Canada has some of the most diverse communities in the world whose expertise and data can be used to build equitable AI tools“- Devin Singh

“If you want scale and sustainability, you need long-term engagement of patients and practitioners, and trust.” – Tracie Risling


The CGEn panel has illuminated the intricate landscape of AI’s role in the future of precision medicine. The discourse navigated through the urgent need for policy innovation, the imperative of closing educational gaps, and the importance of data reciprocity to empower patients. The panelists stressed that diversity is not just a checkbox but a catalyst for developing equitable AI tools. Furthermore, multidisciplinary collaboration and trust emerged as critical elements for scaling AI initiatives in healthcare.
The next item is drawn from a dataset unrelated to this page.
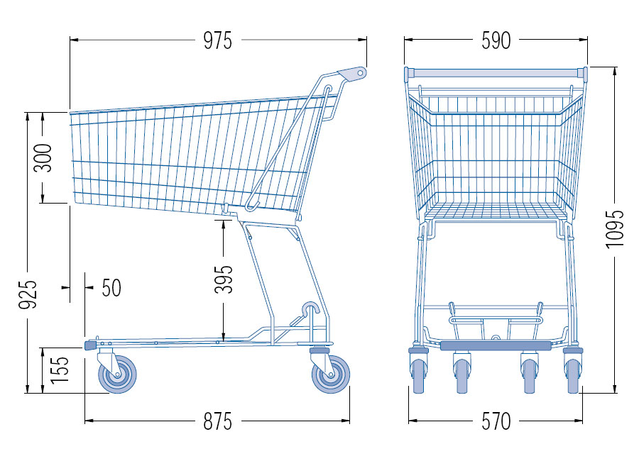 Die Serie DRC bietet, besonders auch durch den großflächigen serienmäßigen Bodenrost, enorm viel Raum für Einkäufe. Hier passen zwei Getränkekisten mit max. 1,5 Liter-Flaschen oder auch andere sperrige Güter drauf. Auch sehr kleine Artikel sind in diesem formstabilen Einkaufswagen gut aufgehoben, da er passgenau gearbeitet und sehr engmaschig gebaut wurde. Die Einkaufswagen sind platzsparend ineinanderschiebbar.

As we forge ahead, learning from global policy models and establishing a broad federal implementation strategy could position Canada at the forefront of AI-driven precision medicine. Summarising the need for such discussions, Naveed Aziz highlights,” In the realm of precision medicine, the transformative alliance of AI beckons for a thoughtful discourse—a vital conversation that navigates the potential benefits, ethical considerations, and necessary policies to ensure responsible and impactful integration for the betterment of health care. These cannot be one-off events but instead, ongoing dialogues that inform policy, practice, and implementation at all levels.” The panel discussion at the Canadian Science Policy Centre’s annual conference has not only fostered an essential dialogue but also charted a course for the future of healthcare outcomes for all Canadians.